Living Donor Liver Transplantation May Allow Children to Withdraw from Anti-rejection Drugs

A majority of children who had received liver transplants from their parents were able to stop anti-rejection (immunosuppressant) medication in an encouraging study at three transplant centers.

"These findings bring us closer to the Holy Grail of transplant medicine, which is to give a patient an organ and then taper off use of drugs that prevent rejection," says study co-author Dr. Steven J. Lobritto, Medical Director of Pediatric Liver Transplantation at New York-Presbyterian/Morgan Stanley Children's Hospital.

Physicians hope to avoid long term use of immunosuppressants because they may lead to complications including cancer, diabetes, hypertension and kidney failure.

The study involved 20 children. Twelve of them (60 percent) kept their transplanted livers for three years or more after they stopped taking the anti-rejection drugs. The other eight children were placed back on medication after their livers showed signs of rejection.
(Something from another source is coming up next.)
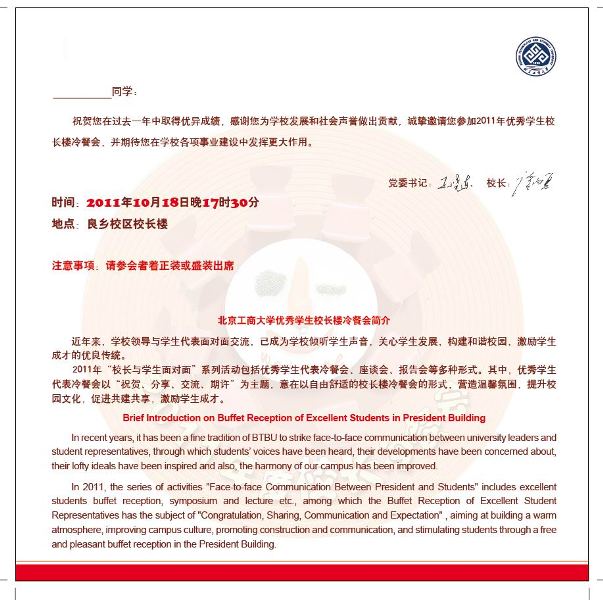 99日举办教学优秀奖教师冷餐会、928日举办科研优秀教师冷餐会后,1018日晚,学校在良乡校区举行2011年校长楼冷餐会系列之三——“优秀学生代表校长楼冷餐会”,冷餐会主题为“祝贺、分享、交流、期许”。50名在学业、科研、文体、社会工作等领域取得优异成绩的学生代表受邀参加(名单附后)。校领导孙尧东、谭向勇、卢思锋及有关职能部门负责人出席冷餐会,学校以这种高雅新颖的形式对取得突出业绩的优秀学生给予肯定和表彰。

Researchers at the University of California at San Francisco (UCSF) led the study. Results were published in the Jan. 18, 2012, issue of the Journal of the American Medical Association. Dr. Lobritto's patients, as well as children from UCSF and from Children's Memorial Hospital in Chicago, participated.

"We may be able to tailor this technique to other transplanted organs that children receive," Dr. Lobritto says. "Not being exposed to the side effects of these drugs is a good thing, and we hope more children will eventually benefit."